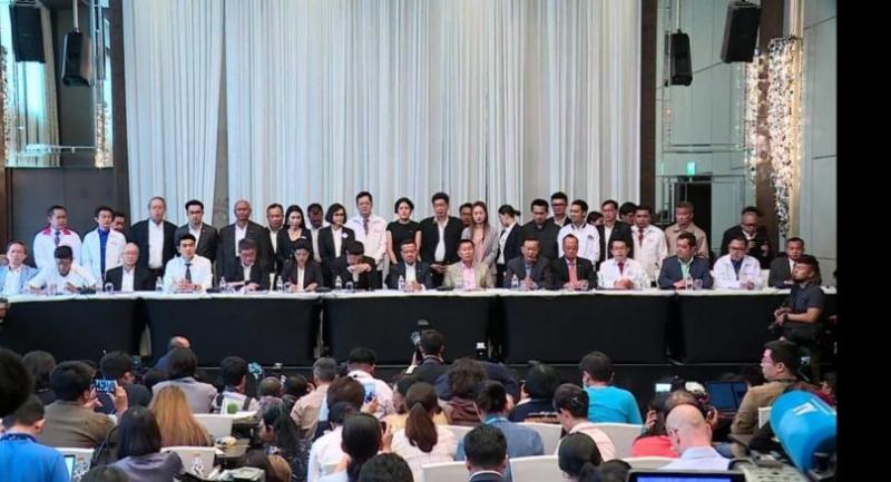 Represented at a press conference where the coalition was proposed were Pheu Thai, Future Forward, Seri Ruam Thai, Puea Chat, Prachchat and Phalang Puangchon Thai.
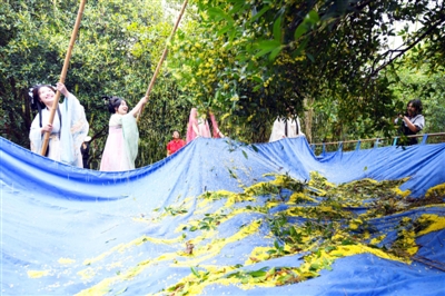 近日,在咸安区桂花镇,游客们手持长杆,感受打桂花的乐趣。随着竹竿的敲打,金黄色的花瓣簌簌落下,仿佛下起了一场“黄金雨”,烂漫的笑颜掩映在葱茏的桂花林里,桂香浮动间,构成了一幅绝美的秋日图景。
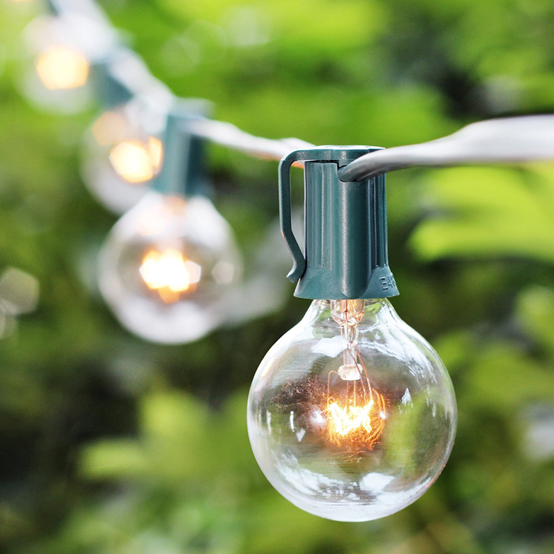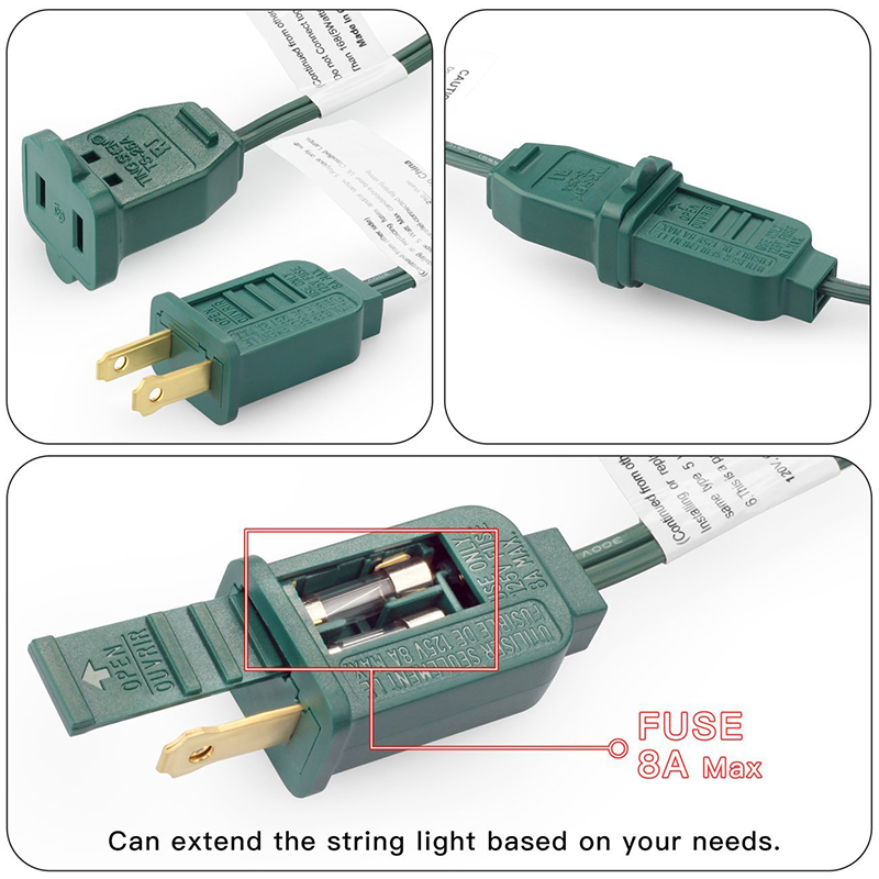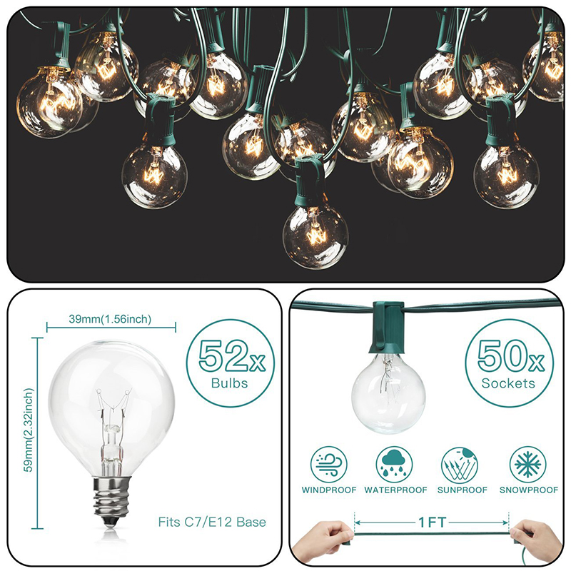 50 Feet green rubber weatherproof cord contains 50 light sockets, set about 1-foot apart. End-to-end connections, feel free to customize your arrangements.

★ ★ ★ ★

- **Activity**
Copy the listing above verbatim; the pictures it contains are to stay out.

- **Solution**
 Represented at a press conference where the coalition was proposed were Pheu Thai, Future Forward, Seri Ruam Thai, Puea Chat, Prachchat and Phalang Puangchon Thai.
 近日,在咸安区桂花镇,游客们手持长杆,感受打桂花的乐趣。随着竹竿的敲打,金黄色的花瓣簌簌落下,仿佛下起了一场“黄金雨”,烂漫的笑颜掩映在葱茏的桂花林里,桂香浮动间,构成了一幅绝美的秋日图景。
 50 Feet green rubber weatherproof cord contains 50 light sockets, set about 1-foot apart. End-to-end connections, feel free to customize your arrangements.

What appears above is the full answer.